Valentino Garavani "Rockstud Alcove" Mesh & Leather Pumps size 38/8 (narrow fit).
-.-.-
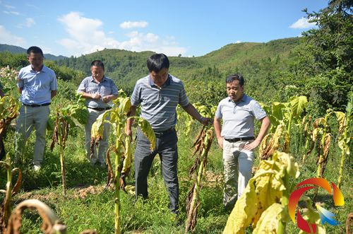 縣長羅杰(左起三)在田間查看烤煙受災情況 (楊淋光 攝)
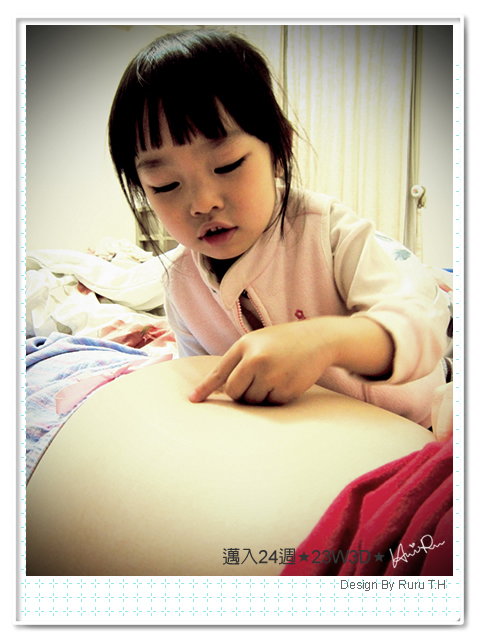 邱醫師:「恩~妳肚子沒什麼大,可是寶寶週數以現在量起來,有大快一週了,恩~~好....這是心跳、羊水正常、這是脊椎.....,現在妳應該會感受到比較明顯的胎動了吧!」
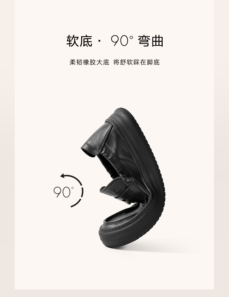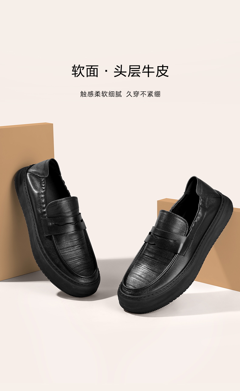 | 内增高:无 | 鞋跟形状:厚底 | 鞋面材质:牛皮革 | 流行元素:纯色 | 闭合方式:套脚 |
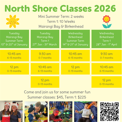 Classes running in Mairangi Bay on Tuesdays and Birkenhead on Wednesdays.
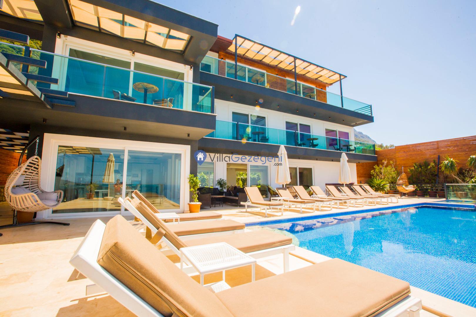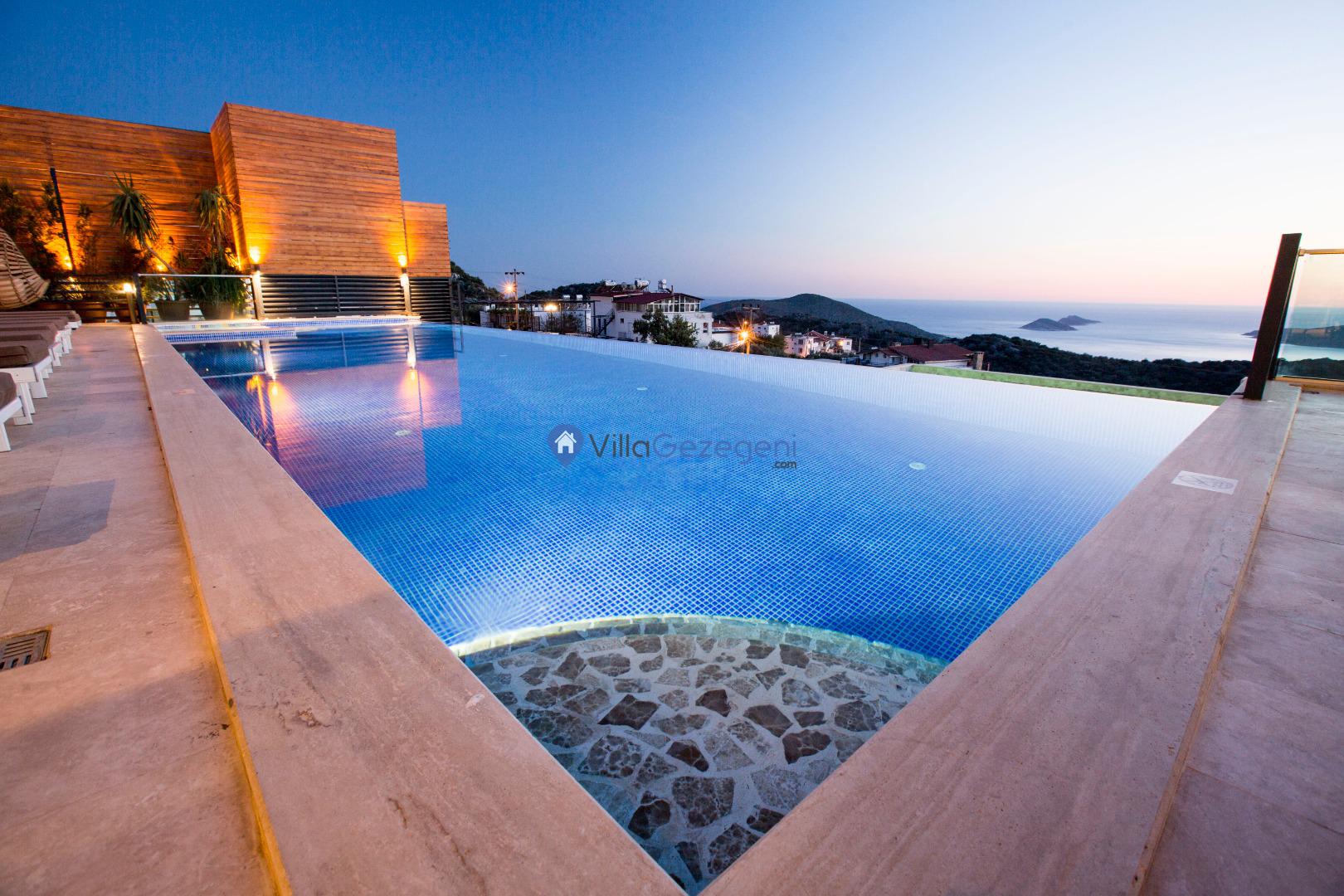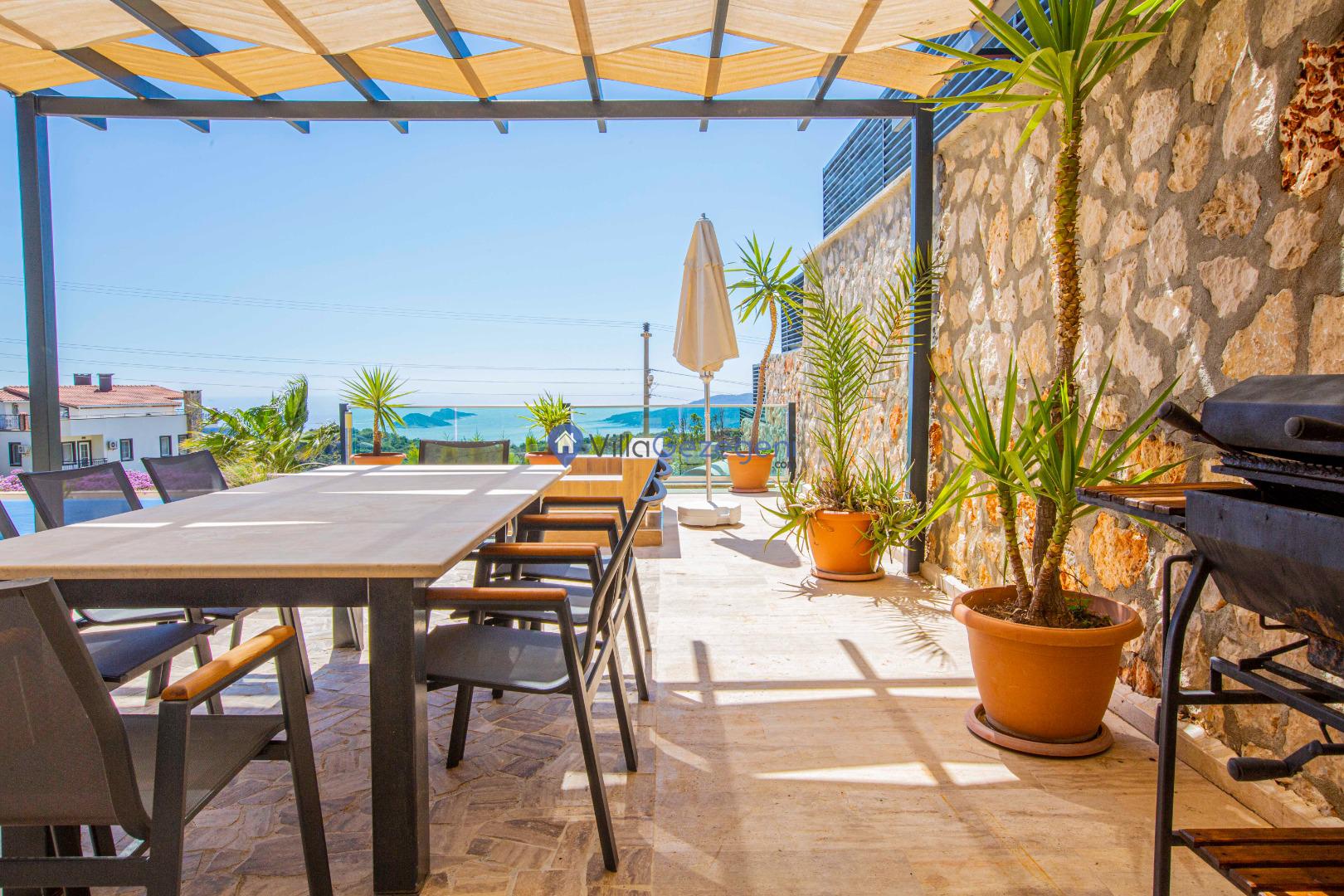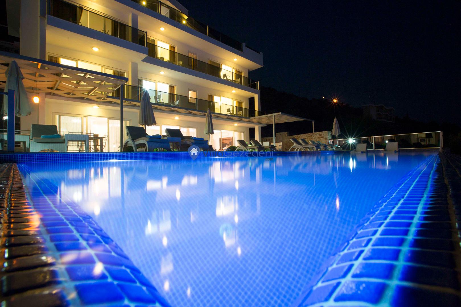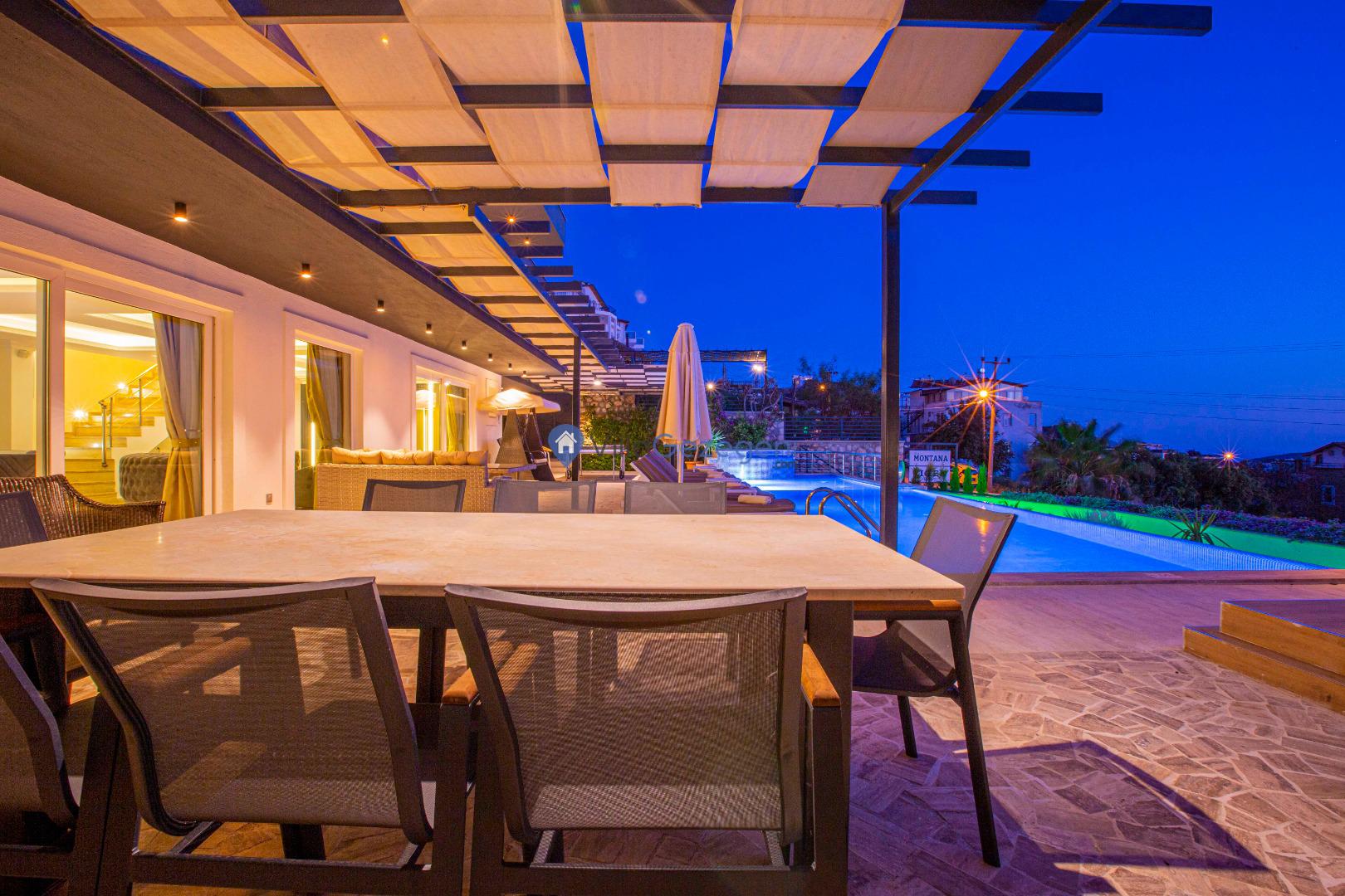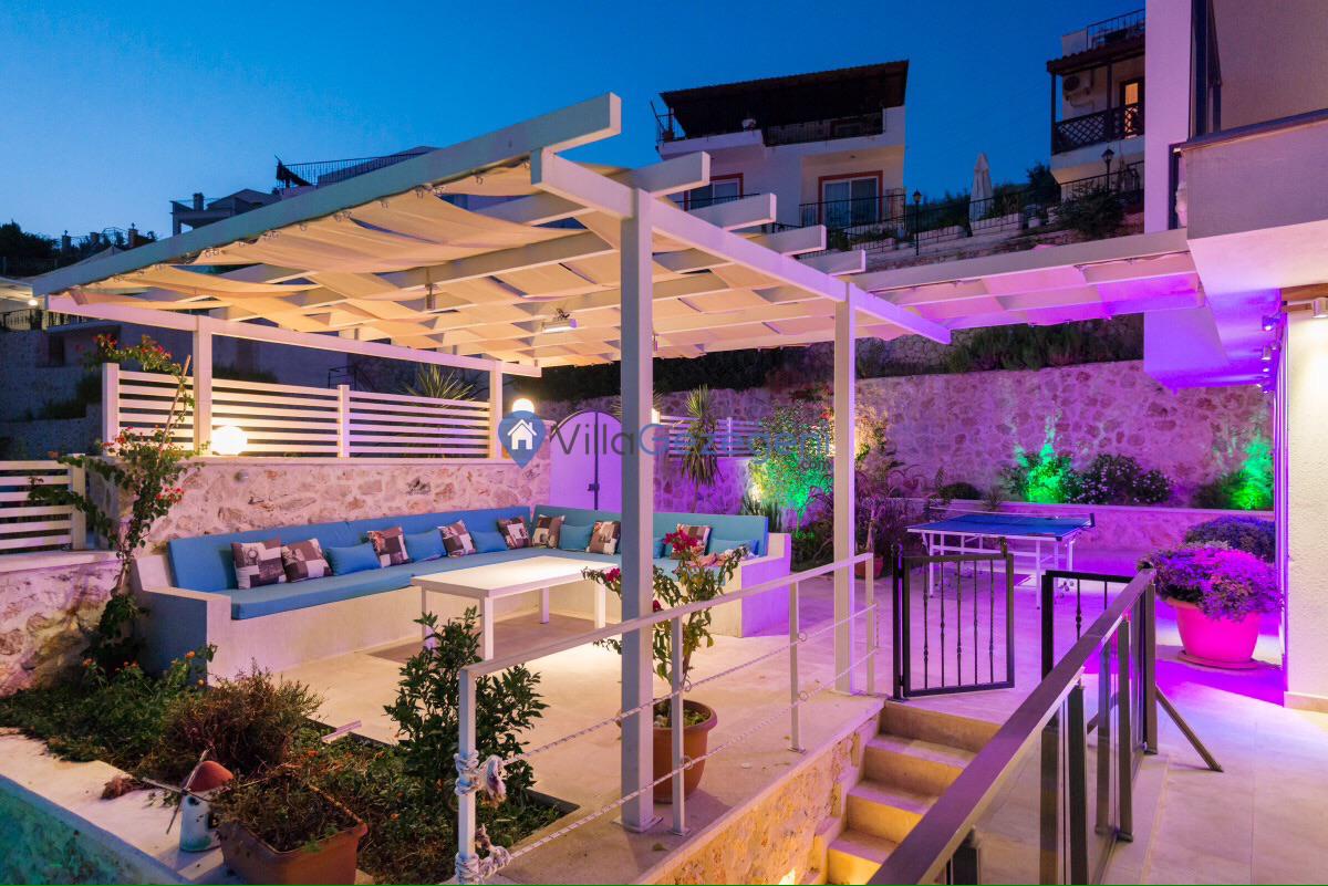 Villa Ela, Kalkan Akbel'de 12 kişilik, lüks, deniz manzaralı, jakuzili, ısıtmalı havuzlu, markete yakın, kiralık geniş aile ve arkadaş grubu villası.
-.-.-
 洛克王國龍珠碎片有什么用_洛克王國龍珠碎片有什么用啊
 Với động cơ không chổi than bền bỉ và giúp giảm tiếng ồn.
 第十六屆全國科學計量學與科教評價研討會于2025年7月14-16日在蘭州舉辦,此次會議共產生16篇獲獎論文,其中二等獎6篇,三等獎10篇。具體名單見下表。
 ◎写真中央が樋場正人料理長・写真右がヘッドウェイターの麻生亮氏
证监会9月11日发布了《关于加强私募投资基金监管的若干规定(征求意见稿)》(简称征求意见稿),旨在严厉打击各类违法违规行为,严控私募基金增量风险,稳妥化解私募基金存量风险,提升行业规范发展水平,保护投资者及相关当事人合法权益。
-.-.-
→ **WORK INSTRUCTION**: Your copy should hold only the lines above from the one containing "流行元素:纯色 | 闭合方式:套脚 |" through the one containing "Villa Ela, Kalkan", exactly as written and free of pictures.

→ **TASK RESPONSE**:
 | 内增高:无 | 鞋跟形状:厚底 | 鞋面材质:牛皮革 | 流行元素:纯色 | 闭合方式:套脚 |
 Classes running in Mairangi Bay on Tuesdays and Birkenhead on Wednesdays.
 Villa Ela, Kalkan Akbel'de 12 kişilik, lüks, deniz manzaralı, jakuzili, ısıtmalı havuzlu, markete yakın, kiralık geniş aile ve arkadaş grubu villası.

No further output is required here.